Il faut lire Pierre Bobin. Tout simplement. Pour le plaisir de la pensée servie par une multitude de mots scintillants accrochées comme des guirlandes sur un sapin de Noël.
Ce qu’écrit Pierre Bobin est beau. Tout comme une toile de Pierre Soulages. Pierre, le titre de son dernier essai navigue dans ce que l’on appelle l’humanité. Le songe d’une nuit d’hiver est une promenade dans ce qui fait la hauteur de l’homme. Christian Bobin aime Soulages. Mais cet amour pour l’œuvre n’est qu’un prétexte pour vagabonder vers d’autres lieux. Comme le fait ce voyageur, en solitaire, dans un train fondant la nuit de Noël vers le cimetière où reposent Paul Valéry et son disciple Brassens. Christian Bobin nous entraîne dans ses pensées pour éclairer certaines zones de notre conscient ou de notre inconscient : « Quand un homme a trouvé Dieu comme on découvre une fraise des bois, le diable approche de lui et se déclare son ami. Cette fable est pour toi. Tes peintures sont tellement plus protégées que toi » dit Bobin en direction de Soulages. Il affirme : « Le dieu, c’est le langage. Il n’y en a pas d’autre. Les briques de l’enfer, ce sont nos mots. On sait qu’on tue des gens en parlant. »
Christian Bobin va plus loin : « Les fleurs, les poèmes et les yeux concentrés des disparus me donnent la clarté nécessaire pour vivre et écrire. Je cherche l’humain. » La littérature abreuve le sillon qui mène vers l’abîme : « L’intérêt des livres, c’est qu’ils taillent nos yeux, retendent la chair de nos âmes. Je lis pour être réduit à mon épure. Je regarde un tableau ou j’écoute une partita de Bach pour la même raison. Attends un peu, monsieur tout noir du mont Saint-Clair. Attends. Le meilleur de nous prend parfois l’air. Qui le voit l’emporte. L’impérissable de toi est avec moi. »

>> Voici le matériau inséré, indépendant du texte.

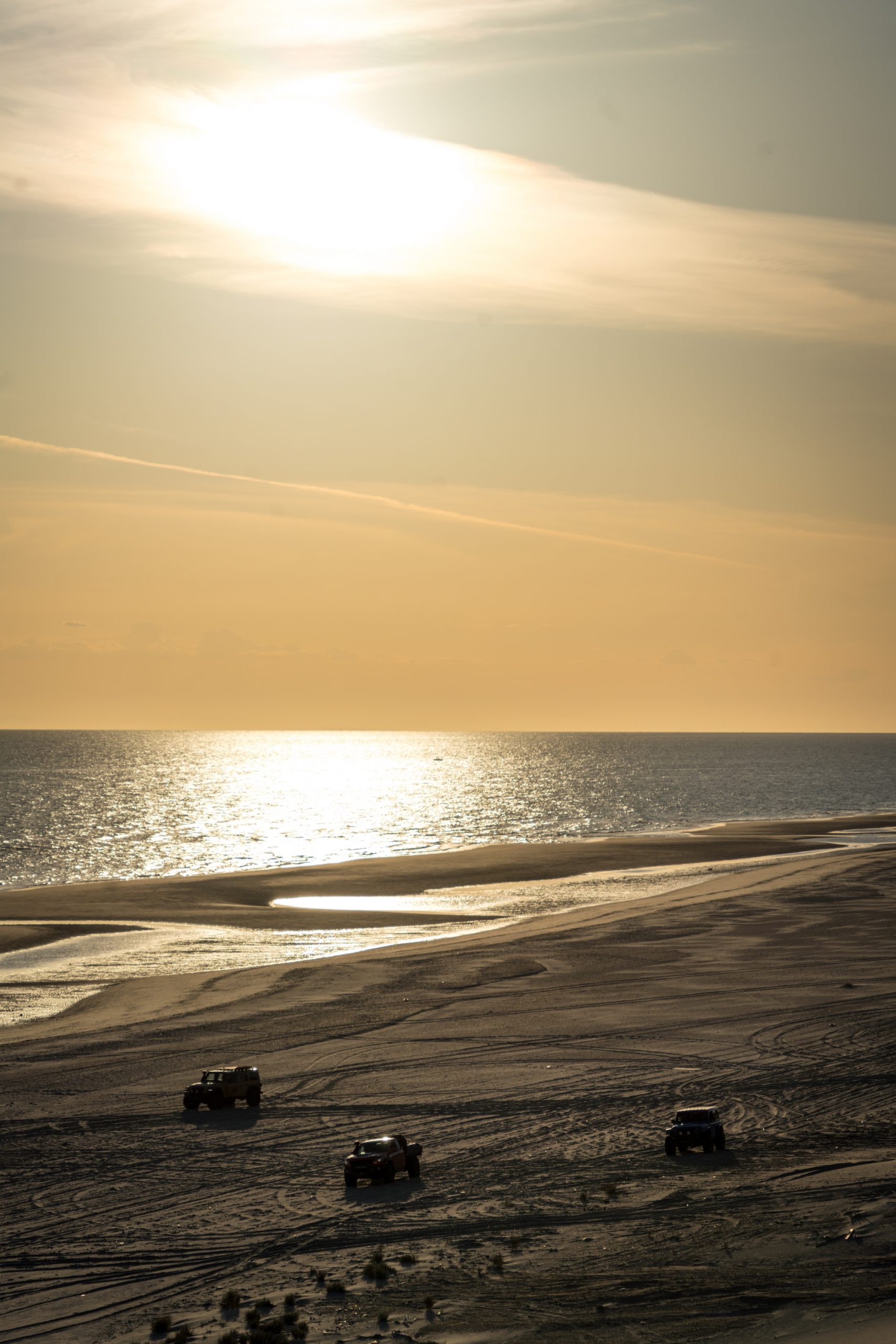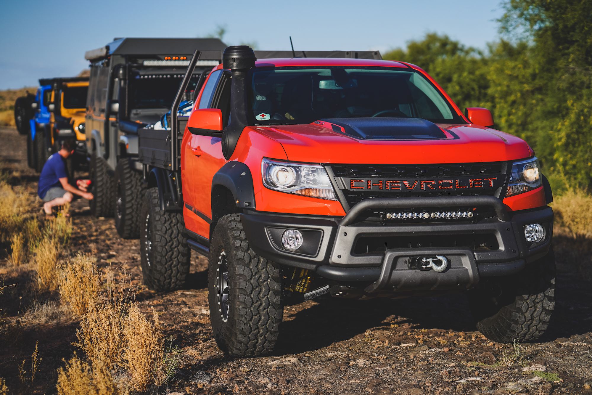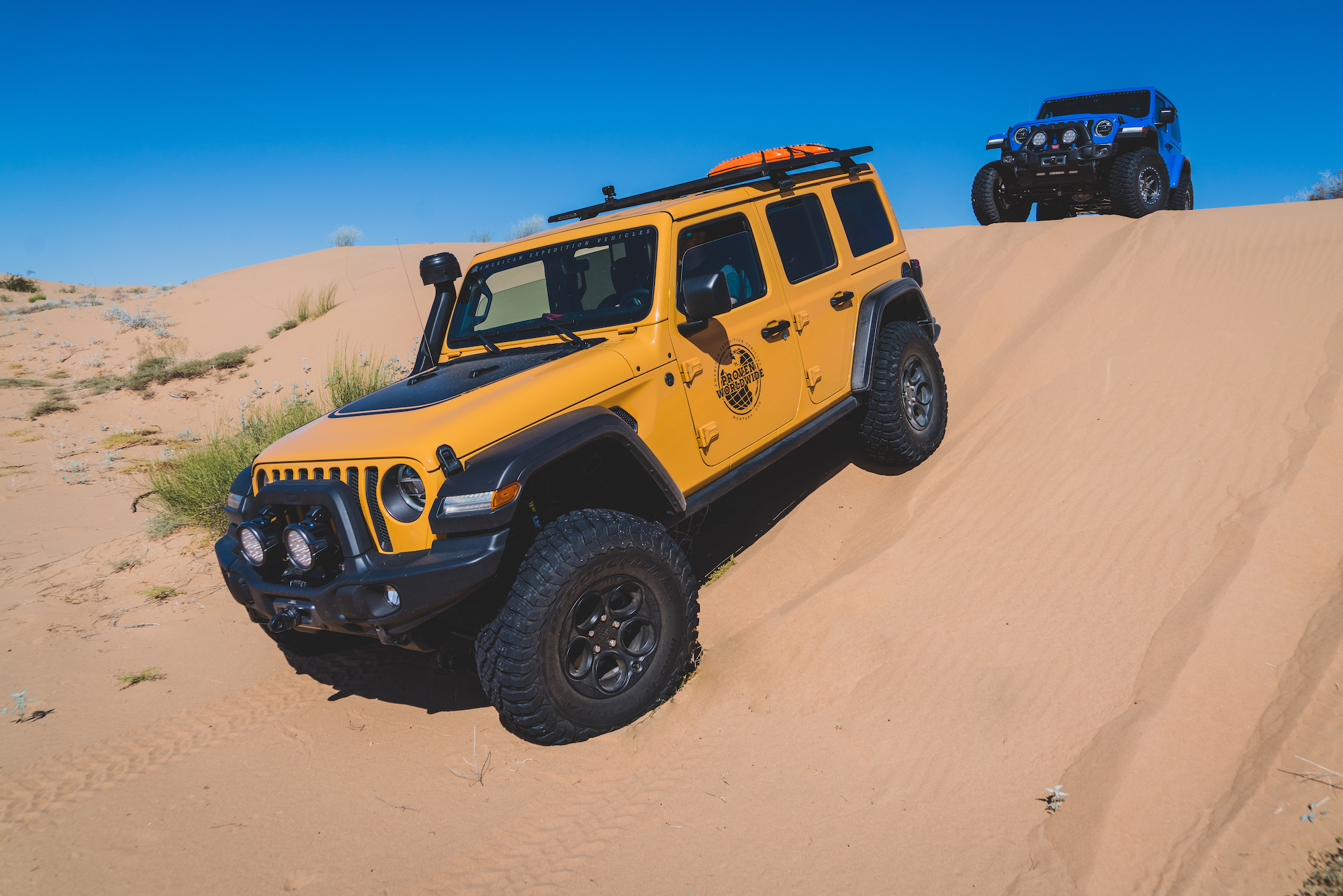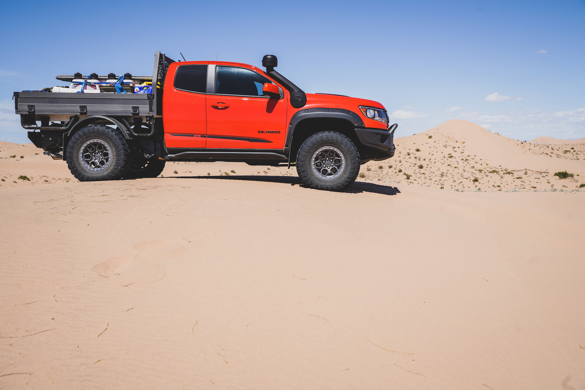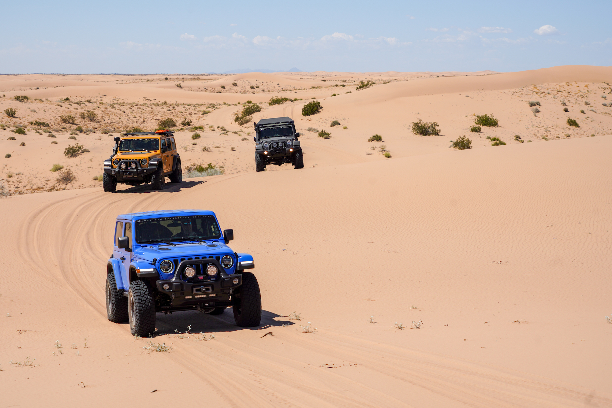 In contrast, the Jeeps and Chevrolets for this trip were equipped with significantly taller and wider tires, the smallest being a 35-inch Interco on the Colorado Bison. The Wranglers sported tires as large as 37 inches and benefited from higher horsepower V6s and 8-speed transmissions. The Wrangler JK Outpost enjoyed the bark of a Hemi V8. As a result, the drivers were able to attack taller dune faces with shorter runups, and even correct for a poor line choice or loss of momentum with a press of the accelerator. The suspensions were also significantly modified, complete with taller springs and custom-tuned shock absorbers.
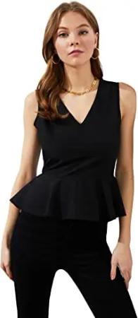 Damen Black V-Neck Floune gewebte Bluse Twoss19XB0065, Black 36
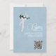This beautiful bridal shower invitation features a gorgeous design with a single long-stemmed pale dusty blue rose lying on its side mirrored in a pool of water. The title reads "Something Blue before I Do written in elegant modern script lettering with flourishes, swashes and cute romantic hearts. The back has space for a QR code to make it easy for guests to find the bridal registry. Wonderful way to celebrate the bride to be!
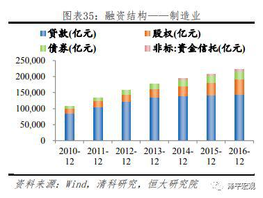 制造业涵盖范围广阔,融资总量明显高于其他所有行业,贷款、股权融资总量均是所有行业中的第一位,2016年末融资余额分别为14.4万亿、4.7万亿,占社会总贷款余额、总股权融资余额的20.0%、36.0%。从行业本身融资结构来看,虽然近年来贷款占比逐步减小,但仍在65%以上。截至2016年,制造业贷款占比65.0%,债券占比11.3%,股权融资占比21.4%,非标仅有2.3%。
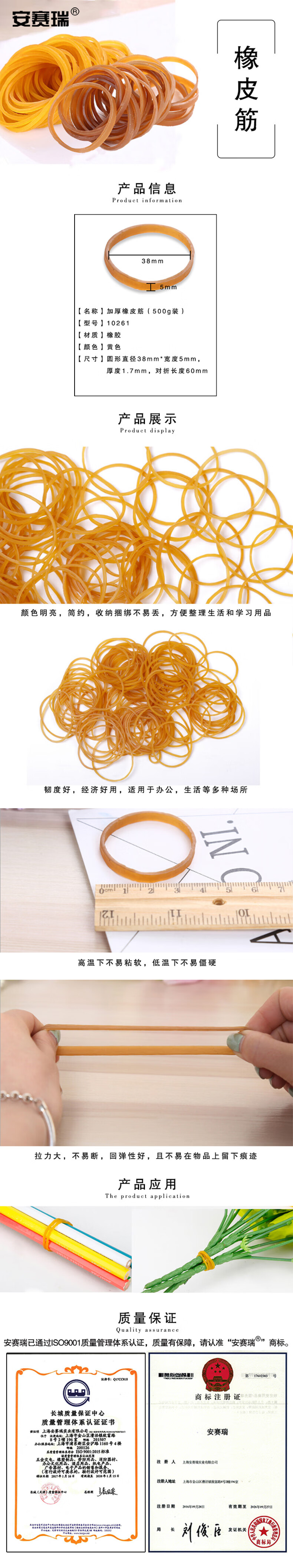 安赛瑞加宽加厚型捆扎橡皮筋(型号10261)具有以下特点:
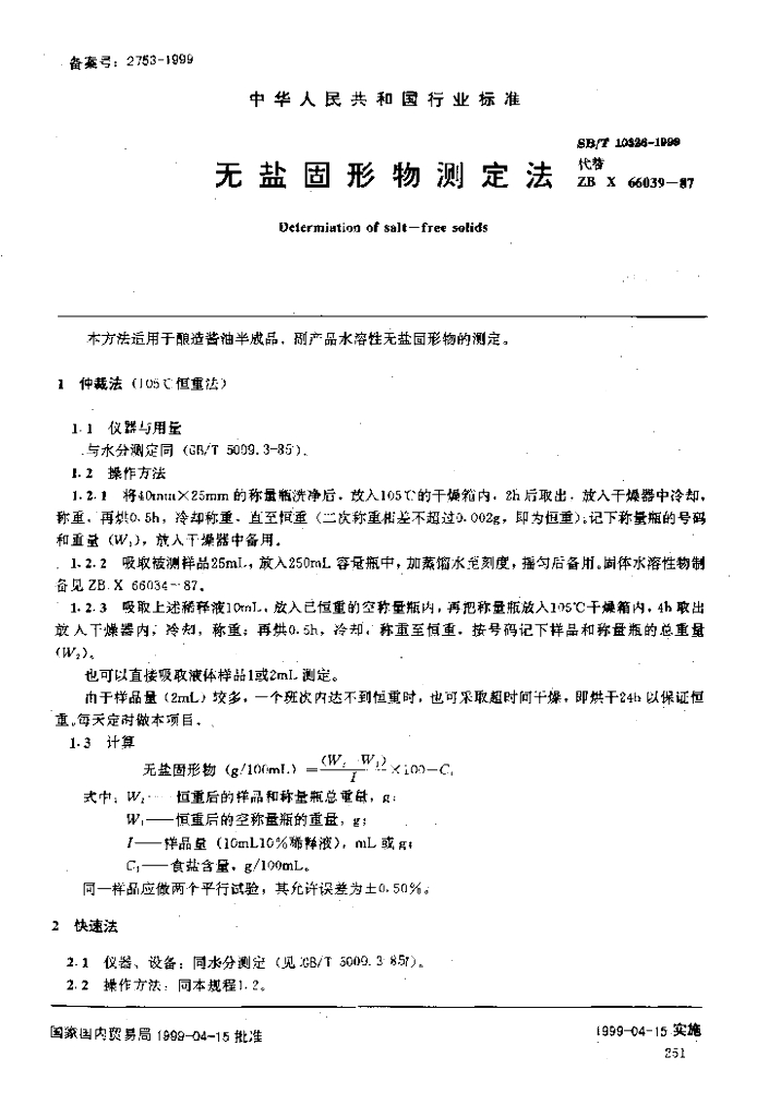 SB/T 10326-1999 无盐固形物测定法
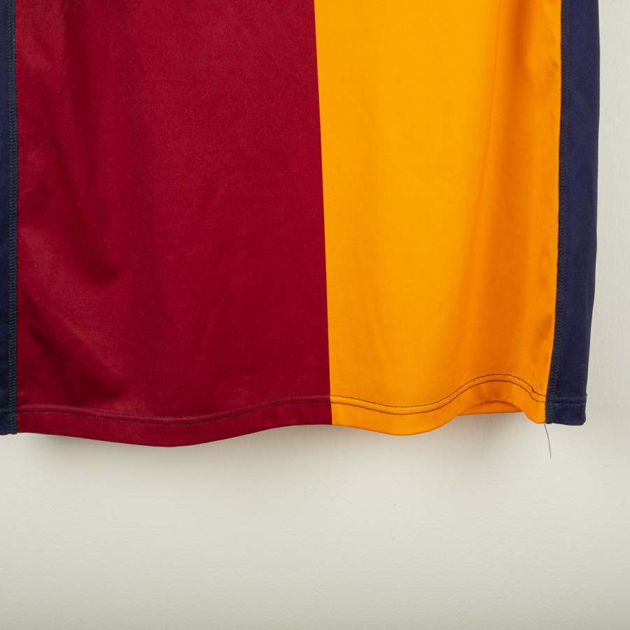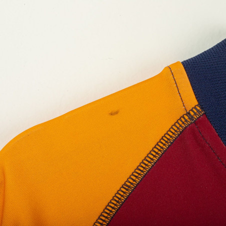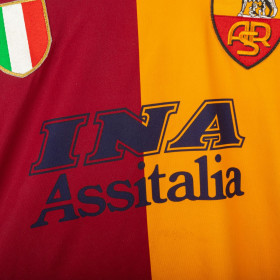 Maglia ufficiale della Roma stagione 2001/2002, prodotta da Kappa e personalizzata con nome e numero Panucci 14. Design a metà giallo e metà rosso, con dettagli blu navy e stemma Scudetto al petto, simbolo del titolo vinto l'anno precedente. Presenta sponsor INA Assitalia e logo Kappa sulle maniche. Realizzata in tessuto tecnico elastico per garantire comfort e vestibilità perfetta.

Bien évidemment, Pierre Soulages n’est jamais bien loin : « Donner plein de sens à la vie, c’est lui inventer un nid. Je précise que chaque tableau de Soulages est à lui-même et à lui seul une maison parfaite car infiniment respirante. » Christian Bobin déclarait dans Le Figaro : « Pierre Soulages est le serviteur, non pas du noir, mais d’une extrémité de la pensée. C’est un penseur et un poète, autant sinon davantage qu’un peintre. C’est la vibration de ces trois ordres qui me touche dans son travail. » Il faut lire Christian Bobin absolument !
Pascal Hébert
Pierre, de Christian Bobin, éditions Gallimard, 96 pages, 14 €.